If someone uses bit.ly to shorten every URL they tweet, bit.ly stores the URLs
for them already, so...]

------
mshafrir
The site uses jargon that isn't clear. What are bites? Slices?

------
bgriggs1
The golden rule of UI: never sacrifice usability. Those fonts might look
interesting and add to the overall aesthetic, but the smaller versions are
virtually unreadable on my machine.

------
peteysd
I like the site design. Simple and clean. I agree with the other poster that
commented that some of the jargon was misleading.

Some of the information on the Help page should probably be made more
prominent.

------
johnrob
First thoughts: Looks like digg.com, calling votes 'bites' instead of 'diggs'.
Oh, and there are 'slices' too...

After reading the help menu, I understand that tweeted bookmarks are the
things in the list (aka 'slice'?).

I think the most important feedback I can give is to either include more help
on the landing page (what are bites and slices?), or change the terms to be
more obvious at first glance.

------
megamark16
It doesn't show up very well in Chrome (at least, it looks a little fuzzy to
me), but fine in Firefox. Seems like a pretty cool tool.

------
Raphael
You need a denser UI. I can only see 4 bookmarks on the screen at a time.
Raise that to at least 10.

Categories and tags are redundant. Remove categories. I like the automatic
tagging, but I may want to manually edit them sometimes.

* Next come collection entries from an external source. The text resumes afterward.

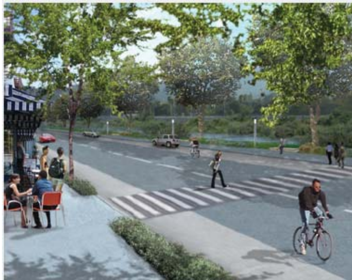
La tipología propuesta para las calles propone activar las calles adyacentes al Río con un borde para el comercio incluyendo cafés en las veredas a través del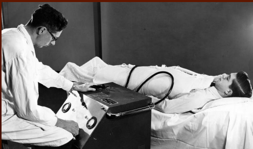
En haut à gauche: Stimulateur cardiaque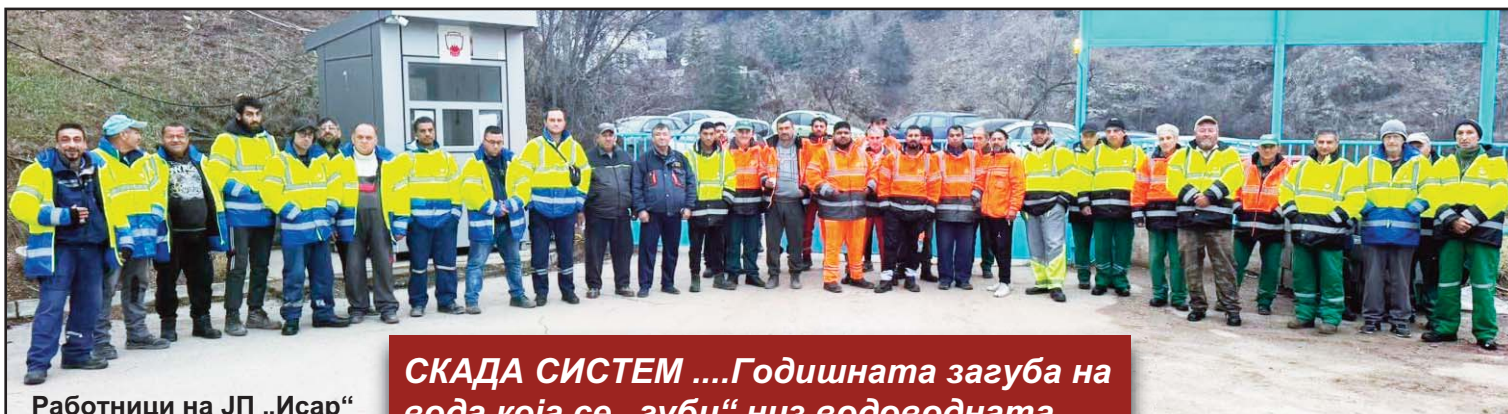
Работници на ЈП „Исар“ во новите ХТЗ одеа набавени пред месец дена

-Да, во тек е постапка за набавка на три специјализирани возила кои што ќе бидат во функција на подобрување на услугите што ние ги испорачуваме кон граѓаните. Станува збор за возила што ни недостасуваат а истите ќе го рационализираат трудот на вработените. Се работи за мултифункционален камион за метење и одржување на коловозите и тротоарските површини кој има можност преку соодветен приклучен додаток да собира и падната лисна маса, нанесен песок и земја по коловозите. Набавуваме и цистерна за миење на улици која ќе биде постојано во функција за одржување и миење на улиците согласно програма за работа како и набавка на популарно наречената каналџетка, специјализирано возило за интервентно но и по-

Link to Twitter.com's profiles and tweets. Re-tweet buttons would make sense.

------
warp
From the landing page I have no idea what the site is about, so I click
'About'... and I still have no idea. From the <title> tag I can see this isn't
something for which I am the target audience. Seems odd to not have that
somewhere on the page.

------
yosho
the site seems to have errors now... or is it just me?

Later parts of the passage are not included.